De nombreux travaux ont été réalisés ces dernières années, qui ont pu enrichir notre connaissance, notamment les rapports des professeurs Roques et Parquet, mais également trois expertises collectives menées par l’INSERM : une sur l’alcool et ses effets sur la santé parue en septembre 2001 à la demande de la MILDT, de la CNAM et du CFES ; une sur les dangers du cannabis rendue publique en novembre 2001 ; une dernière sur les risques sociaux liés à l’usage de l’alcool va être rendue publique dans les semaines qui viennent.

Vous demandez une évaluation sur des politiques publiques mais je vous rappelle que la Cour des comptes a rendu un rapport sur le sujet en 1998 et qu’elle vient de rendre un rapport de suivi en février 2002. J’ajoute que dans son plan triennal, la MILDT a demandé à l’OFDT d’évaluer la politique publique sur le sujet et que cette évaluation est en cours.

Je crains que votre demande de commission d’enquête n’émane d’une démarche politique et idéologique, sans aucun socle scientifique sérieux venant nourrir cette demande.

Vous abordez furtivement le problème de l’alcool et du tabac, et des décès qu’ils engendrent (45 000 et 60 000 morts par an), puisque vous dissociez ce qui est licite de ce qui ne l’est pas.

Cette façon de raisonner est erronée pour plusieurs raisons : beaucoup de toxicomanes, aujourd’hui, s’intoxiquent à partir de produits légaux, tels que l’alcool. Par ailleurs, de nombreuses personnes sont à la fois dépendantes d’une drogue illicite et d’alcool. Il n’est pas rare de voir par exemple un ancien héroïnomane devenir alcoolique après l’arrêt de sa consommation d’héroïne.
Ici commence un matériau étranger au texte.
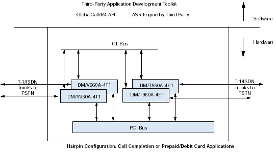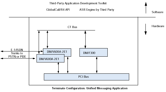 通過訪問計(jì)算機(jī)電話(CT)工業(yè)標(biāo)準(zhǔn)的ECTF H.100/H.110 CT Bus,利用DM/V-A多功能資源系列板卡,應(yīng)用程序可以具備交換能力以及擴(kuò)展到其他技術(shù)的能力,諸如網(wǎng)絡(luò)接口(DM/T或者DM/N系列),ATM連接,SS7,以及IP電話。

Ne mérite-t-il pas, à ce titre, le même suivi médico-social ?

Cette distinction mal appropriée entre produits licites et illicites pose aussi des limites en matière de prévention.

Ainsi, l’expérience nous montre que les toxicomanes consommant des drogues illicites sont souvent des personnes ayant ressenties leurs premières sensations d’ivresse à partir d’abus de boissons alcoolisées.

Par ailleurs, le rapport du professeur Roques, que j’ai déjà cité, et qui étudie aussi la dangerosité des produits, montre que certains produits licites présentent une dangerosité plus importante pour l’organisme que certains produits illicites.

Cette complexité fait qu’aujourd’hui la gravité de la consommation de produits doit être évaluée bien plus à partir du comportement de consommation d’un sujet (usage réglé, usage à risque ou abusif, dépendance), qu’à partir du type de produit utilisé par celui-ci.

Or, c’est le contraire que vous proposez d’étudier au travers de votre commission d’enquête !

Parce qu’il n’y a pas d’usage de produits psychoactifs licite ou illicite sans risque de dérapage, il est nécessaire que la collectivité pose des limites à cet usage. Mais ces limites doivent être posées en fonction d’une réalité sociale, et non en fonction d’une certaine idéologie, comme nous le craignons.

Toutefois, ce qui est le plus surprenant, c’est que vous-même, Monsieur le Président de la Commission des Affaires Sociales vous semblez vous désolidariser de vos collègues Messieurs Plasait et de Raincourt à la lecture de l’exposé des motifs, marqué idéologiquement et socialement, puisque celui-ci commence par évoquer « la France et la drogue » en citant « les jeunes dealers de banlieue parisienne ». Est-ce à dire qu’il n’y a pas de dealers ailleurs ? Il est ainsi troublant de noter dans cet argumentaire que la drogue en banlieue est représentée par les dealers, mais que la drogue à Paris est incarnée par l’intelligentsia !

Nous allons donc être particulièrement attentifs au débat afin de connaître vos intentions réelles en matière de lutte contre la toxicomanie.